= MATERIAL PROVIDED =
===

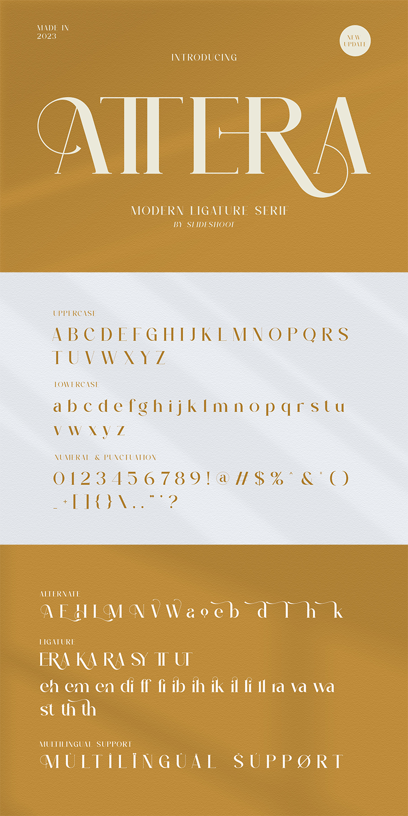 Attera Serif is a balanced, smooth, elegant and stylish serif font. He has a beautiful character. It fits perfectly with invitation card designs, company logos, movie titles, movie names, business cards, book titles, brand names and various other designs. Attera Serif is a subtle serif font that exudes sophistication and elegance. Its stylish alternations and ligatures make this font the perfect partner for any project.
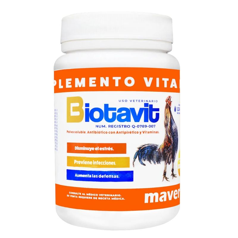 BIOTAVIT es un polvo soluble oral, se recomienda como fuente suplementaria de vitaminas antes y durante las prácticas de manejo de los animales Contrarresta los efectos desfavorables ocasionados por la tensión, cambios bruscos de temperatura, alimentación y reacciones posteriores a la vacunación. Estimula el crecimiento y rendimiento de todas las especies animales. Por la concentración de vitaminas, antibióticos y un antipirético que BIOTAVIT contiene, se recomienda su uso como profiláctico, así como para el mejor aprovechamiento de los alimentos.
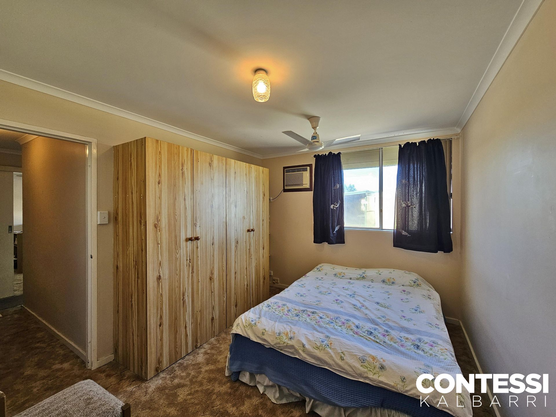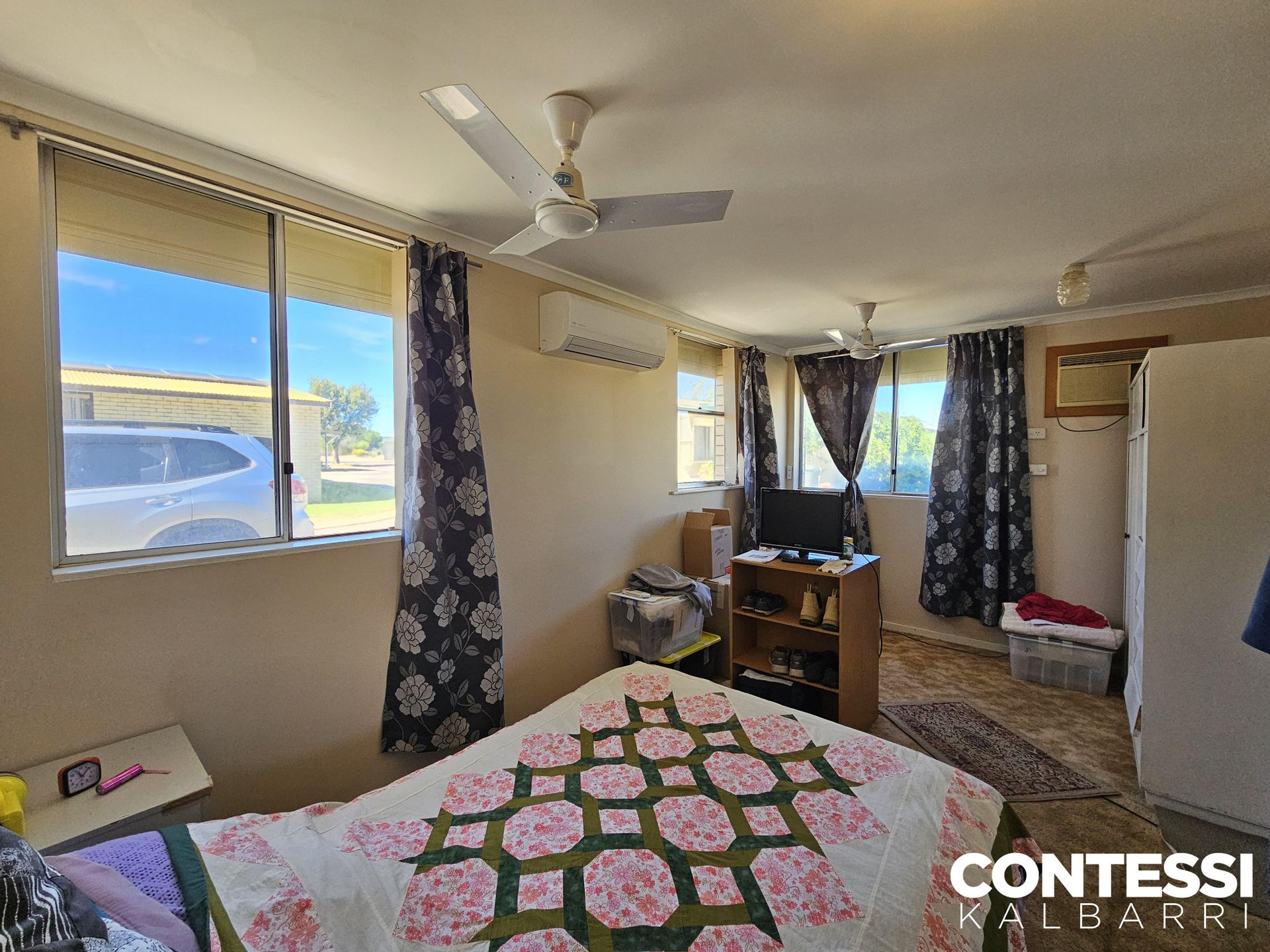 • Bedroom 2: Air-conditioning, built-in robe, ceiling fan, and roller shutters on all three windows
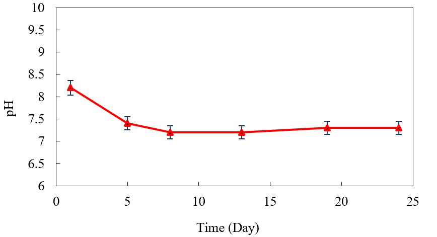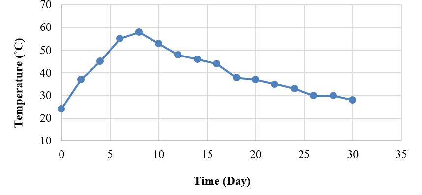 - C/N adjustment: Achieved in the range of 20–30 by adding sawdust 27.

===

= EXERCISE =
Would you reproduce each line of the material exactly, omitting the images?

= RESULT =
 Attera Serif is a balanced, smooth, elegant and stylish serif font. He has a beautiful character. It fits perfectly with invitation card designs, company logos, movie titles, movie names, business cards, book titles, brand names and various other designs. Attera Serif is a subtle serif font that exudes sophistication and elegance. Its stylish alternations and ligatures make this font the perfect partner for any project.
 BIOTAVIT es un polvo soluble oral, se recomienda como fuente suplementaria de vitaminas antes y durante las prácticas de manejo de los animales Contrarresta los efectos desfavorables ocasionados por la tensión, cambios bruscos de temperatura, alimentación y reacciones posteriores a la vacunación. Estimula el crecimiento y rendimiento de todas las especies animales. Por la concentración de vitaminas, antibióticos y un antipirético que BIOTAVIT contiene, se recomienda su uso como profiláctico, así como para el mejor aprovechamiento de los alimentos.
 • Bedroom 2: Air-conditioning, built-in robe, ceiling fan, and roller shutters on all three windows
 - C/N adjustment: Achieved in the range of 20–30 by adding sawdust 27.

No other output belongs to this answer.